## STORED DATA
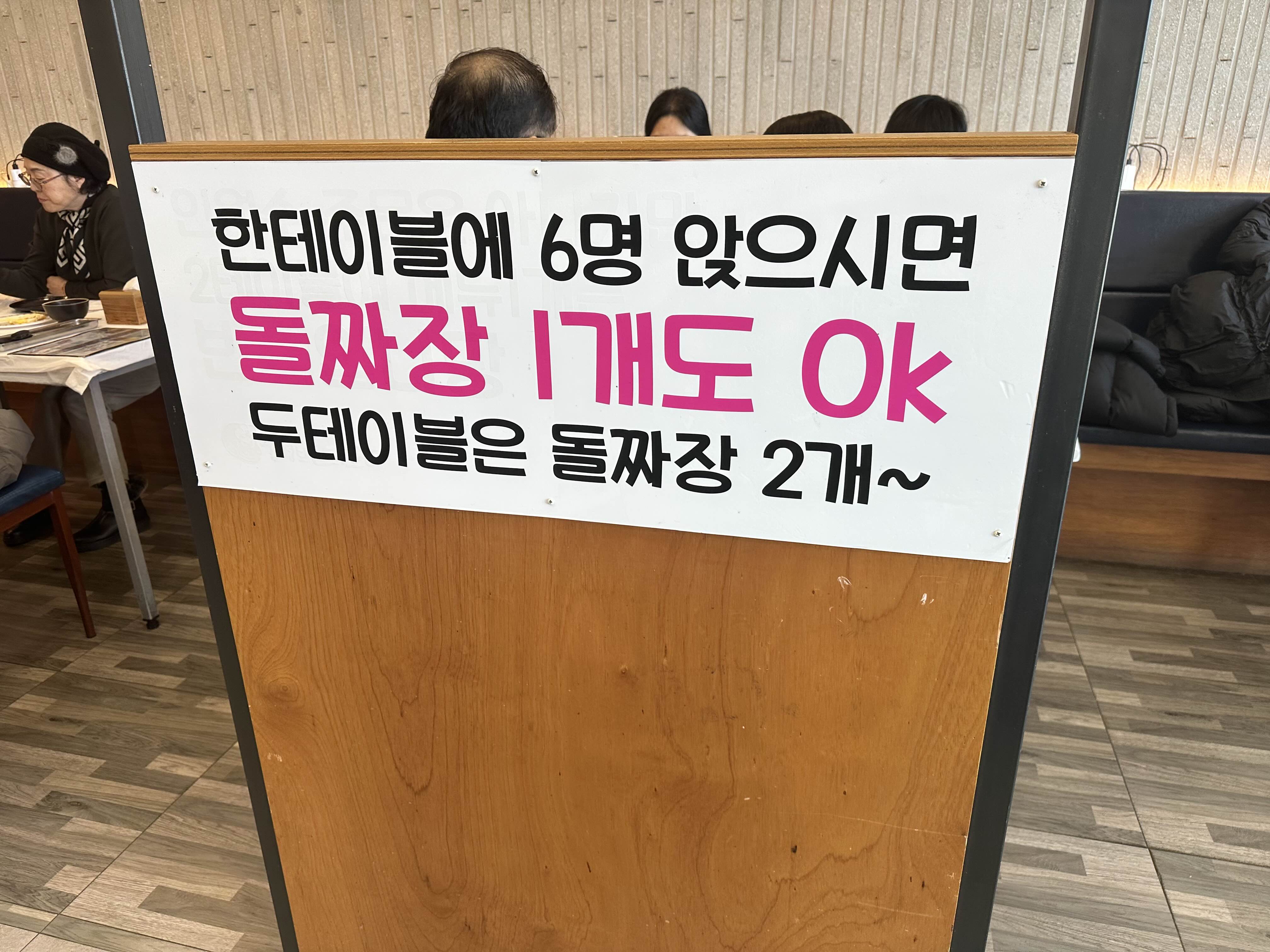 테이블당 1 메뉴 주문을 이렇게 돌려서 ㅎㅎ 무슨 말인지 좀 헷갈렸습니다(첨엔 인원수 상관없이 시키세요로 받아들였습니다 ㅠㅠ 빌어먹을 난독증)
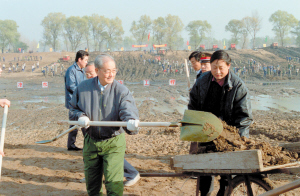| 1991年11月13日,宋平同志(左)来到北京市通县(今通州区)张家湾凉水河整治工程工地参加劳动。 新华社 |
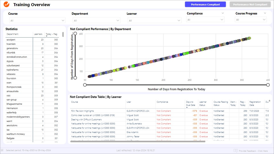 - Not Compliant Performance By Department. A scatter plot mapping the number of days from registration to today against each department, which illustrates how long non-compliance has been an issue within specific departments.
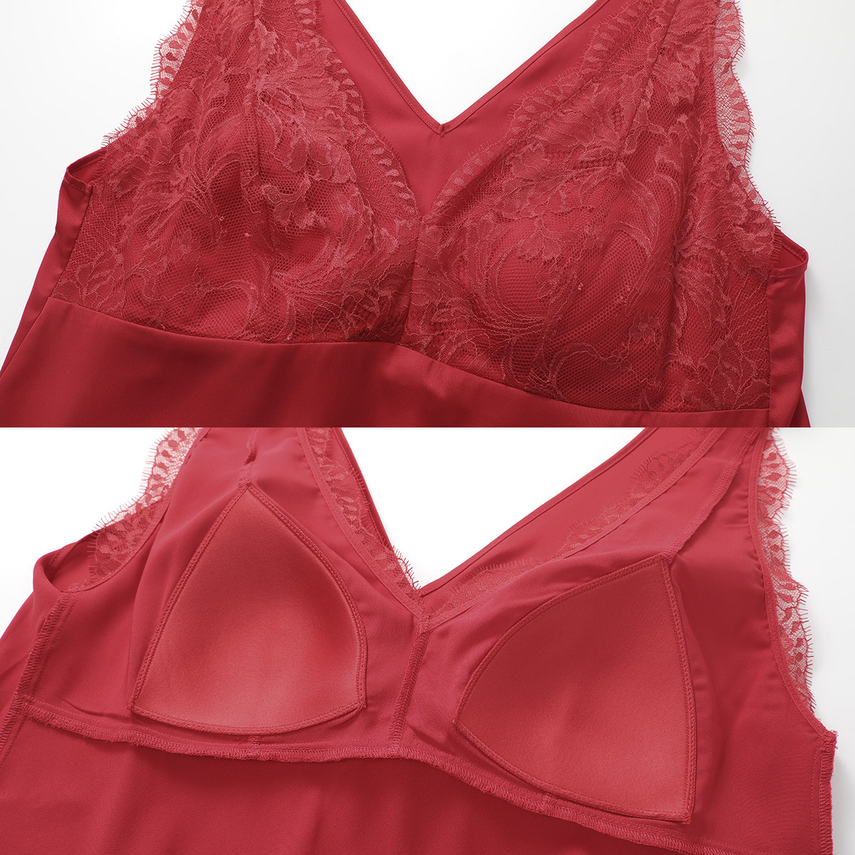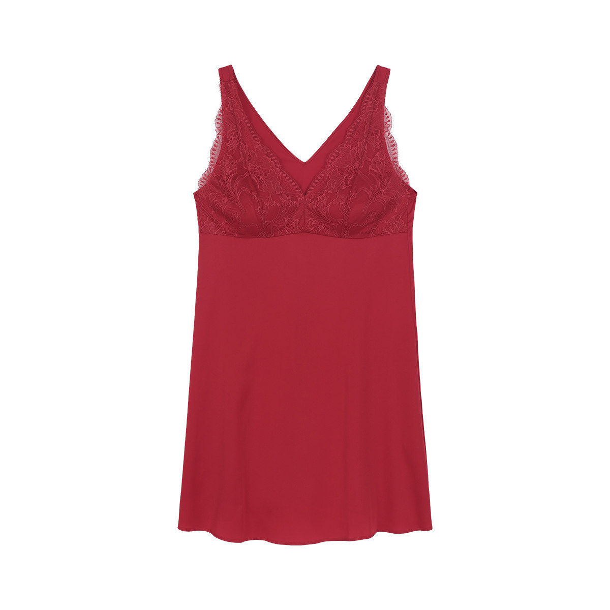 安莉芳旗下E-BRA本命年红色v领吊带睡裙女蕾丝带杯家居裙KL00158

## PROBLEM REQUIREMENTS
Reproduce the material word for word. Any pictures should be left out of the copy.

## SOLUTION TO THIS TASK
 테이블당 1 메뉴 주문을 이렇게 돌려서 ㅎㅎ 무슨 말인지 좀 헷갈렸습니다(첨엔 인원수 상관없이 시키세요로 받아들였습니다 ㅠㅠ 빌어먹을 난독증)
| 1991年11月13日,宋平同志(左)来到北京市通县(今通州区)张家湾凉水河整治工程工地参加劳动。 新华社 |
 - Not Compliant Performance By Department. A scatter plot mapping the number of days from registration to today against each department, which illustrates how long non-compliance has been an issue within specific departments.
 安莉芳旗下E-BRA本命年红色v领吊带睡裙女蕾丝带杯家居裙KL00158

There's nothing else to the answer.